The arriving miners, mainly from Wales and the north of England, imported their own earthy cultures such as rugby, male voice choirs and brass bands, standing their new communities apart from the rest of rural Kent.
Mr Norton’s own father moved from Yorkshire in 1934 to work in Snowdown; Mr Sutcliffe’s came down from the county in 1945.
For decades afterwards the sound of a Yorkshire, Welsh or Geordie accent in the village was no surprise.
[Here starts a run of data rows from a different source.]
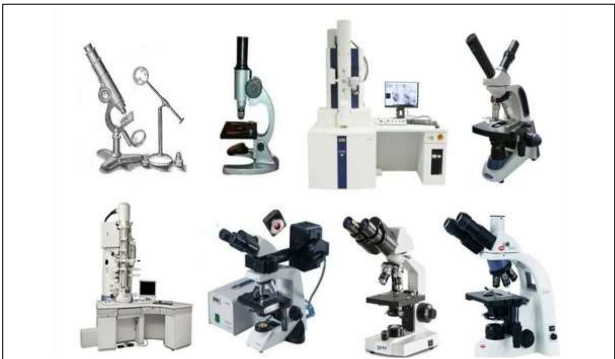
Types of microscopes
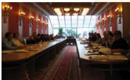
Training in Ivano Frankovsk on February 4th
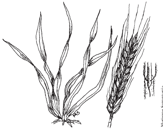
CEREAL RYE ( Secale cereale )

Spring seeding. Although it's not a common practice, you can spring seed cereals such as rye as a weed-suppressing companion, relay crop or early forage. Because it won't have a chance to vernalize (be exposed to extended cold after ger-
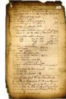
Copies of accounts audited by the New York State Auditor General, Book B, pages 1-20 (NYSA_A0870-77_BookB_Page001-20)
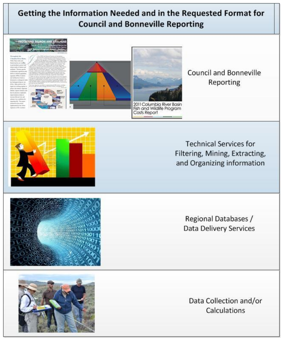
Figure 1: The role of the technical services is to ensure that the information needed for Council's and Bonneville's reporting needs are identified, located, organized, and available in the required reporting format.

The main function of the technical services work plan is to compile, filter, extract, organize and format the information needed for Council and Bonneville reporting needs (figure 1). The accessibility of these data vary depending on whether these are currently accessible as raw field data (e.g., redd counts) or as calculated estimates (e.g., population abundance), and whether this information is in a computer readable format (e.g., StreamNet) that is easily accessed to produce graphics, or a non-computer readable format (e.g., reports) that requires conversion to a computer readable format (e.g., excel spreadsheet).
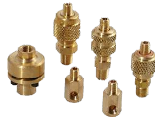
VPASU ANTI-SIPHON VALVE KIT 1/4" SAE, 3/8" SAE, 1/2"-20 UNF female knurl nut
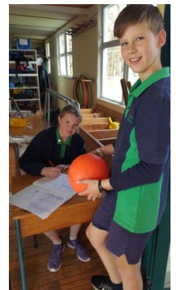
PE equipment shed
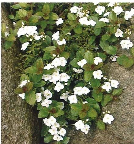
'Whitewater' veronica Veronica hybrid
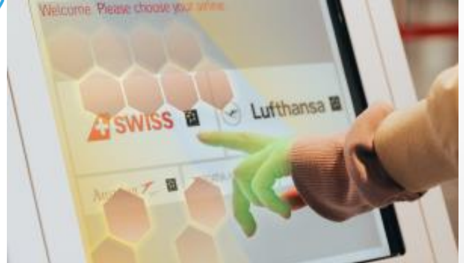
NANOSHIELD PROTECTED DISPLAY
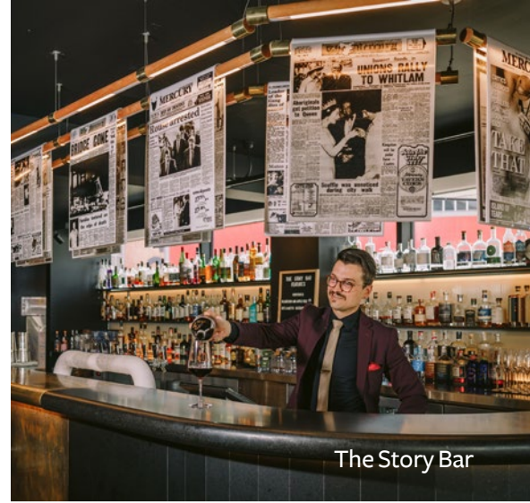
The Story Bar

The Lounge pays homage to the Mouheneenner people with elements of their culture throughout. A local stonemason crafted the open fireplace with shared stories in mind. A pre-dinner crisp white with Pacific oysters often encourages fables to flow. The menu is all-day. The Lounge is spotted with artifacts representative of the traditional Tasmanian Aboriginal toolkit, proudly made by modern indigenous descendants of the first Tasmanians. The light feature situated over the fireplace draws its inspiration from organic shapes formed by nature's four primary elements of water, earth, air and fire. The tradition of a family gathering and storytelling around the open fire, just as our ancestors have been doing for millennia, is carried forward in spirit.
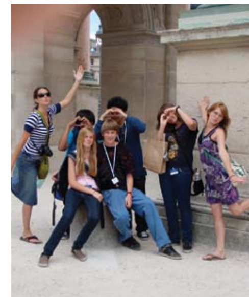
Teacher and students having fun at Notre Dame
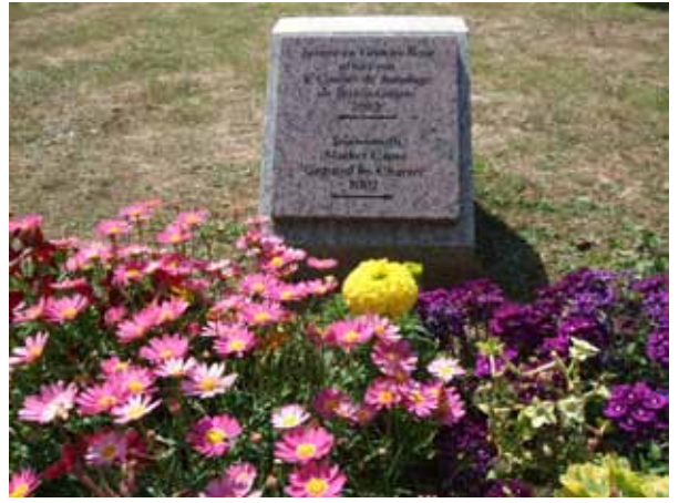
The pink granite plaque commemorates a more friendly relationship with France

Ironically, Teignmouth is now twinned with Perros Guirec in Brittany although they have imported onions and potatoes from there for over a hundred years. The pink granite walls, too, around the grassy area are gifts from France. There is a plaque on the opposite wall to commemorate the two events.
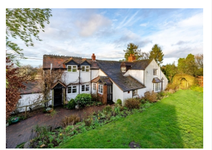
Greystoke Cottage, Kiddemore Green, Brewood
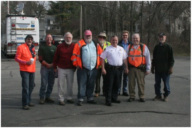
A few of the 30+ hams pose with Groton Police Chief Palma.
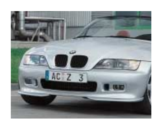
AC Schnitzer front flipper, 2-piece
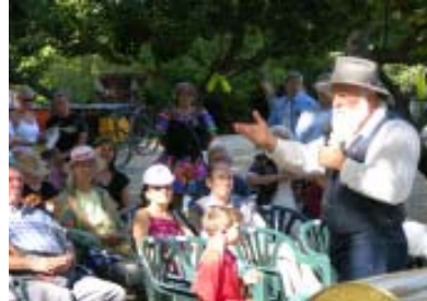
Muir Heritage Land Trust

The community had its own slang such as “snap” for food and “jitty” for alley.
The close bond between villagers particularly showed itself during the bitter year-long national miner’s strike in the 1980s, which began 40 years ago next March.
Mr Sutcliffe, then branch chairman of the National Union of Mineworkers, said: “No Snowdown miners in Aylesham went back to work during the strike.
“The only one who did was someone who had already transferred to Tilmanstone Colliery by then.”
The village suffered a massive body blow when Snowdown closed in October 1987, and the sting in the tail was the shutdown of Aylesham Secondary School in August 1991. That has never been replaced.
Local authorities had early on realised it was a mistake for the village’s employment to depend entirely on coal.
So the parish council in the 1960s successfully campaigned to build an industrial estate at Cooting Road, and in the early 1990s another was developed off Ackholt Road.
While these helped soften the blow of economic depression, more was needed to regenerate the village, which contributed to the idea of the Aylesham Garden Village.
The new development gives a nod to the village’s birth and mining heritage.
The layout was inspired by the design of renowned town planner Sir Patrick Abercrombie for the initial village.
Some of the new streets are in semi-circle form, as in the original village centre, to reflect half of a colliery wheel.
New street names include Hobnail Path, Canary Grove and Davy Street.
Work on the final stage of Aylesham Garden Village is beginning this spring with the last 290 houses to be built.
Financial contributions from developers Barratt Homes and Persimmon Homes have funded improvements to the village and a number of community facilities, including play and sports provision.
A new bus service was launched in February, although that does not run on a Sunday.
Under a Section 106 (developer contribution) agreement, exactly £277,790 is earmarked for secondary school provision within five miles of the Garden Village.
There is also £224,370 for extra places at Aylesham’s St Joseph’s Primary School.
Separately the Dover District Local Plan, published last autumn, earmarks 640 homes for land south of Spinney Lane and west of the railway line where the Aylesham and Snowdown stations are.
This land is next to the existing village boundary and is seen as a logical expansion site by the council.
The near-100-acre former Snowdown Colliery site is earmarked for businesses such as leisure, limited retail and tourism, rather than housing developments.